BENEFIT THE BEES!
Planting a bee garden allows you to help the bees by adding a flower-rich habitat in your area. In return, the bees will pollinate your flowers, providing a beautiful harvest of fruits, seeds & vegetables.
Honey bees are far more important to people’s everyday lives than most of us know. Aside from their obvious products of honey & beeswax it’s also said that one in three bites of food we eat exists due to their work as pollinators. The list of their culinary accomplishments include strawberries, coffee, almonds, apples and lemons to name a few.
While these fruits may be the product of their direct pollination work, it’s also through their indirect work of pollinating vegetable flowers to create seed that we can be thankful for food such as carrots, cabbages and onions.
Yet, honey bees around the world are disappearing from their hives at a worrying rate. The phenomena blamed for their demise has been called Colony Collapse Disorder but having a name for the it doesn’t mean that we know the exact cause. Fingers have been pointed at various factors including lack of forage, inbreeding, commercial pesticides, climate change, parasites, and disease.
PLANNING YOUR GARDEN.
🐝RETHINK YOUR LAWN 🐝
Replace some of your front lawn grass with flowering plants. This provides food & habitat for honey bees, bumble bees, solitary bees, butterflies & other pollinators.

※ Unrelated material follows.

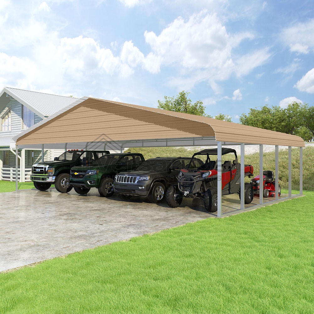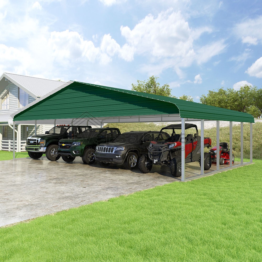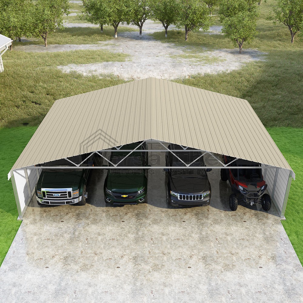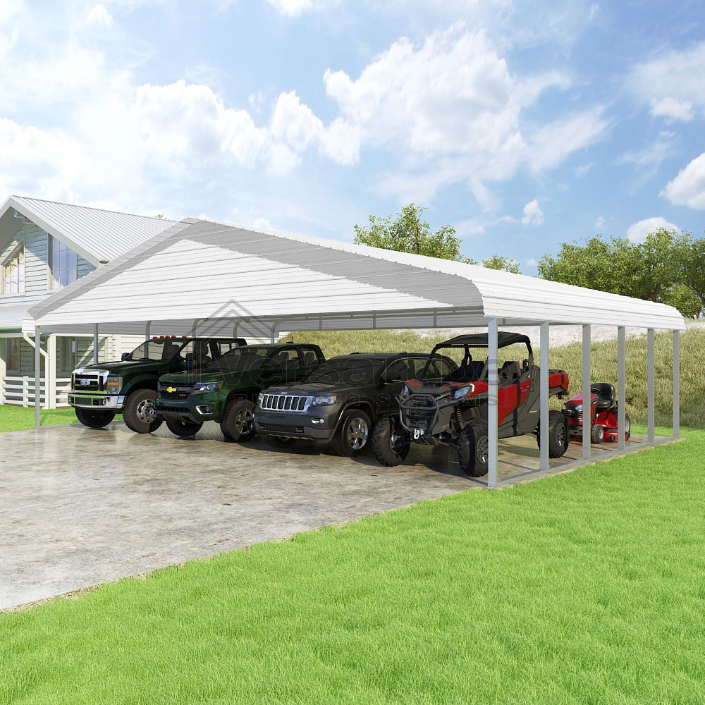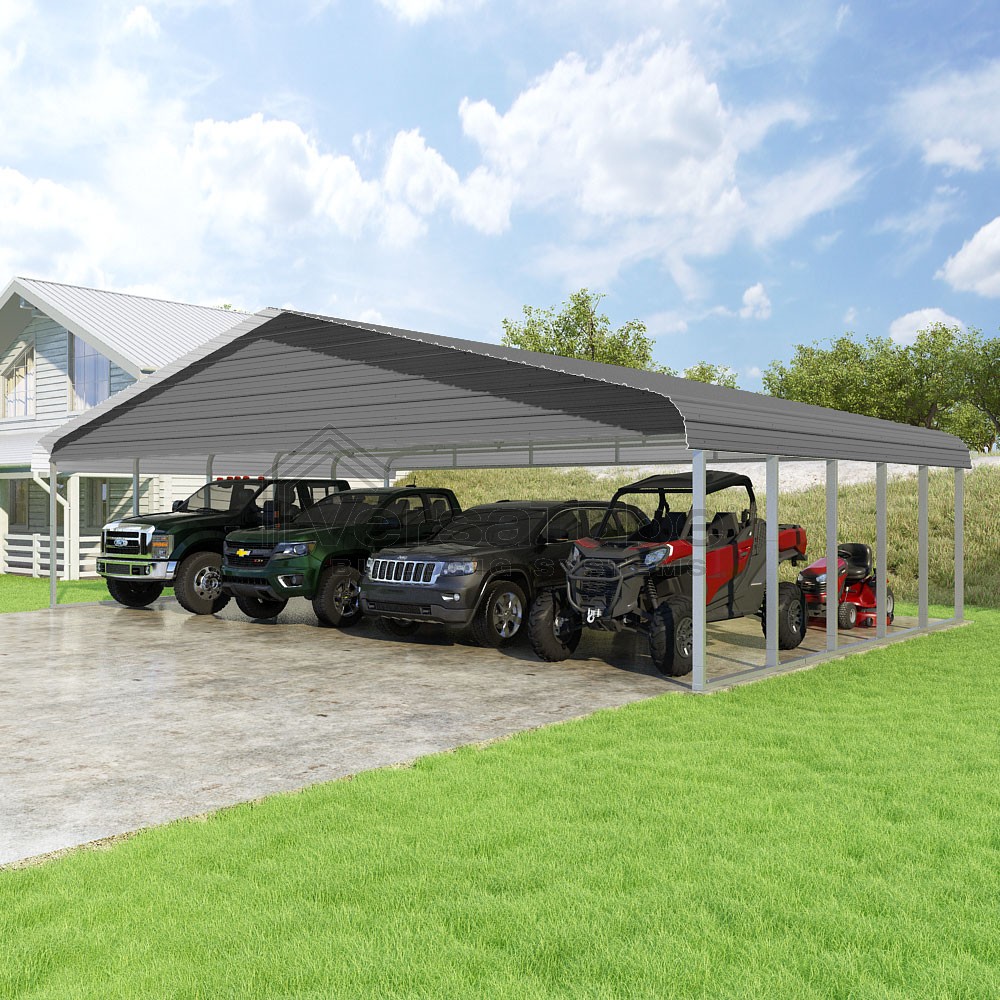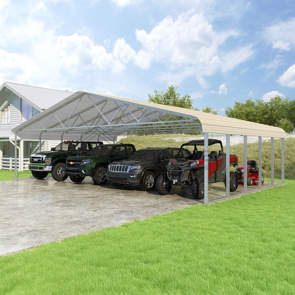 Classic Series DIY carport kit features horizontal application of sheet metal panels with the extra protection of rounded eaves.

SELECT SINGLE FLOWER TOPS FOR YOUR BEE GARDEN 🌸🌼🌺
...such as daisies and marigolds, rather than double flower tops such as double impatiens. Double headed flowers look showy but produce much less nectar and make it much more difficult for bees to access pollen.
Keep reading for a variety of plants & flowers to choose from.
SKIP THE HIGHLY HYBRIDIZED PLANTS
...which have been bred not to seed and thus produce very little pollen for bees.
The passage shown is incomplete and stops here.